While the ecologies of life and death give way to ‘decentralize’, even ‘deconstruct’ concepts like melancholy, grief and mourning, also ‘view’ the last ones as an approach of resilience and symbiosis between them, even a ‘spur’ to act. In this sense, there is a need to re-organize what is holding humanity back, such as the fear of humans’ destructive power, and take action to achieve life’s preservation in order to build sustainable futures. They particularly welcome submissions that revolve around, but are not limited to, the following axes and concepts:

  • ecologies of life and death in ecocriticism, ecopsychology, eco/bio-philosophies, bioethics, plant humanities, animal studies, etc.
  • eco-anxiety, eco-grief, eco-mourning, solastalgia, toxic environments, extinction studies, political ecology of death
  • ecologies of life and death in -cene, e.g., Anthropocene, Neganthropocene, Necrocene, Symbiocene etc.
  • ecologies of life and death in comparative literature and global literature
  • the genre of elegy (e.g., eco-elegy, “ecological lament”, (anti-)pastoral elegy etc.,
  • ecologies of life and death in continental philosophy
  • ecologies of life and death in posthumanities (e.g., posthumanism, transhumanism, a-humanism, meta-humanism, anti-humanism, super-humanism etc.)
  • ecologies of life and death in medical humanities (e.g., pandemics, epidemics, plagues, biotechnology etc.)
  • ecologies of life and death in religious studies and anthropology
  • postcolonial narrations of death
  • “necropolitics” (Mbembe), “bare life” (Agamben), “slow death” (Berlant)
  • ecologies of life and death in indigenous studies
  • human and more-than-human world in queer death studies and gothic studies
  • ecologies of life and death in disability studies
  • ecologies of life and death in arts and aesthetics / ars moriendi
  • ecologies of life and death in visual studies, media studies, film studies
  • memorials, ways of remembering, rituals of eco-mourning
  • images, tools and practices of the afterlife in literature, philosophy and arts (e.g., mummification, cryonics, end-of-life applications, 3D printing for facial reconstruction etc.)
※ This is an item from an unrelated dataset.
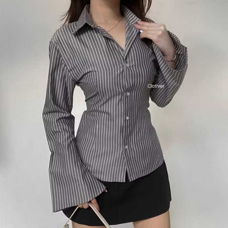 Kemeja Salur Wanita Kemeja Wispie Fit Body Stripped Terbaru Best Seller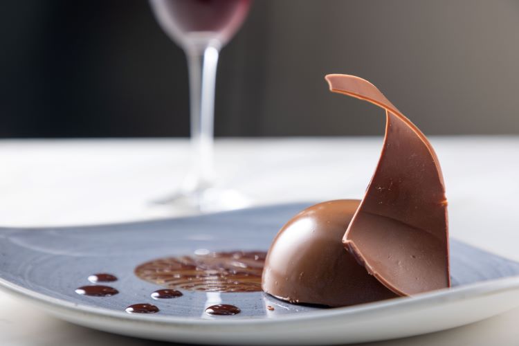 Para finalizar, a sobremesa traz o Bombom de Chocolate 33% ao Leite, recheado com creme de tangerina e praliné de amêndoas (R$ 55). O bombom, sobretudo, equilibra a doçura do chocolate com a acidez da tangerina e o crocante das amêndoas, traz textura ao paladar.

Deadline for full articles’ submissions: Kindly submit a full article of no more than 50,000 characters (spaces and references included), an abstract of no more than 650 characters spaces included, and at least five keywords by 31 of July 2024 at the latest.

Should your article be accepted for inclusion in the upcoming December issue, you will receive an email containing instructions on how to upload your final version within 15 days from receipt. Such articles must be suitable for blind peer review.

Please make sure to obtain the necessary reproduction rights documentation if you need to include photos in your text.